Another safety measure involves the integration of genetic fail-safe features into the edited cells themselves. These features include drug-inducible suicide genes that can be activated by administration of a relatively benign medication. Researchers are also adorning modified cells with surface proteins that can be targeted with clinically approved antibody drugs, thereby achieving the same goal of cell destruction should any transplants turn cancerous or problematic in other ways.

In the end, the optimal safety strategy — not to mention the ideal amount of gene editing necessary to tamp down immune responses — can vary with the disease. A ready-to-use cell therapy for cancer does not necessarily need to incorporate the same design features as one tailored for diabetes, for instance, given the differences in the immune system that these cell products will confront and the distinct risk–benefit consideration in each disease. “There is no one catch-all solution,” Meissner says.

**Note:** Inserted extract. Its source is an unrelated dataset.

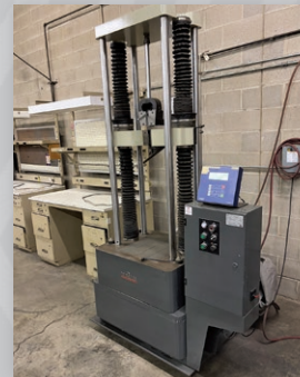
Tinius Olsen Model Electromatic EP2 Tensile Tester

Certain parts of the body, including the eye and the brain, also enjoy an ‘immune privileged’ status, meaning that only a limited set of immune cells can enter them. This has led companies such as BlueRock Therapeutics in Cambridge, Massachusetts, which is developing off-the-shelf stem-cell-derived therapies for Parkinson’s disease, to tailor their immune-editing strategies accordingly. “There are some unique opportunities when you’re in the brain,” says BlueRock’s head of immunology, Greg Motz.

Those opportunities won’t be the last word on universal cell therapies, of course. Rather, Murry expects to see incremental advancement in the field, with short-term wins and losses informing long-term editing strategies.

“I would love it to be perfect out of the gates, but that’s not realistic,” Murry says. “This is going to be like peeling an onion.”